There were clues that passed me by, with annoyance but not consideration.  The Kazakhstan steppe is simultaneously stimulating and mind numbing. There is so little out there and because of that the mind focuses on the insignificant, the subtleties. The horizon changes at the speed of seasons, the landscape unhindered by human development and the sky is as unclutter by clouds as the land is by buildings.

This detour of emptiness offered no obstacles to divert my thoughts. The traffic was sporadic yet never far away, much like the camels. The road has been upgraded from dust and dirt to smooth and sealed in the 15 years since I was last here, and every monotonous kilometre of it was marked like a lengthy sentence on a cell wall. So I watched the numbers count up to the end, along with the ever-increasing degrees on my temperature gauge.

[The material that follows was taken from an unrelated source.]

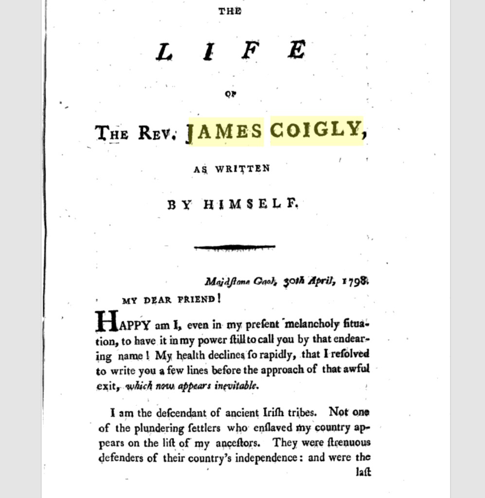 None more so than Catholic priest and United Irishmen Fr James Coigly, who wrote his personal testament in Maidstone in 1798, as he awaited execution.
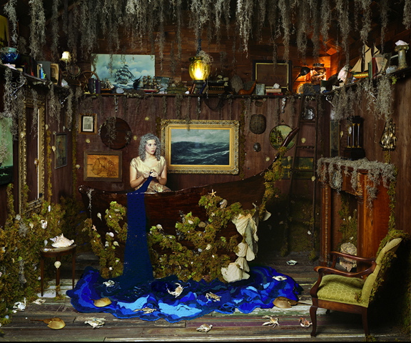 Tinney Contemporary is pleased to present Scenes - an exhibition featuring work by photographer and installation artist, Dorothy O'Connor. O'Connor's Scenes is an ongoing series that centers around transforming spaces, often a room, into fantastical landscapes which frequently utilize elements of nature and the natural world to tell a story. Each concept, shaped predominantly by events in O'Connor's life, create a sort of conceptual autobiography-an interpretation of her own dreams. Building these life-sized installations also allows the artist to literally live inside her own imagination, if only for a short time, and satisfies her need to create a more aesthetically pleasing reality. Each project takes months to complete, allowing O'Connor to fully immerse herself in its meticulous details. She enjoys creating many of the components in each set by hand: crocheting the ocean, crafting hundreds of paper birds, hand-stenciling wallpaper, weaving roots from jute, etc. Learning a new skill each time she builds a new scene helps to keep the process fresh.

This leaves only my fellow road users to take my attention from the song in my head that is stuck in a groove and on repeat. The loads of the trucks are of slight interest to me but more than that is the vehicles identity. I see my first Kyrgyzstan number plate – my final destination, along with cars from Tajikistan, and Russia. There are also a lot of Armenian ones and of course the neighbouring country Uzbekistan.

Like watching an Olympic opening ceremony, until you’ve witnessed a country it’s just a name, perhaps with a generalised reputation. But like this endless steppe, once witnessed first hand you see far more, know the variations and these experiences invoke more than a one-word response ‘say Borat, I dare you’. And this is, if I’d have bothered to engage my road weary brain, where the clues of what was to come were passing me by. Despite the emptiness of the road some drivers didn’t pass with the consideration a motorcycle is due. I had to look in the mirrors as much as in front of me but inevitably like the potholes, one in a million I just don’t see until it is too late, because some of those fuckers would sneak up stealthy and fast. The bastards wouldn’t have the courtesy to overtake with an appropriate space between us. The buffeting vortex shaking me alert with the anger of their inconsideration. Those Armenians passed me like I was a drive through window, reach out a slap close, you want fries with that? I’d be ready on the horn but they are oblivious, it’s not malicious it’s just a national trait, it’s OK to generalise about that one, in fact sometimes the passenger would even wave. Generally these cars had doubled their height, a top-heavy roof rack loaded with goods, clingfilmed and bungeed, aerodynamic they were not, the centre of gravity hovering somewhere above the drivers head.

But their ‘pay at the next window’ passage at least allowed me some wobble room. The Uzbekistan registered cars invaded space like a squeegee on a windscreen, and if you don’t see them coming, man that makes you jump. Bastards, too lazy to turn the wheel of their over loaded projectile. And if I was standing on the pegs to give my arse some momentary relief from the pressure of 12 hour plus riding days, the only clue they were coming was as I felt the wind rush, like a nonstop express train from a small-town platform. Mind the gap, what fuckin’ gap? You couldn’t slide a 100 Tengi bribe in that space. Take my air way, take my breath away, take my balance away, there is no tolerance between us.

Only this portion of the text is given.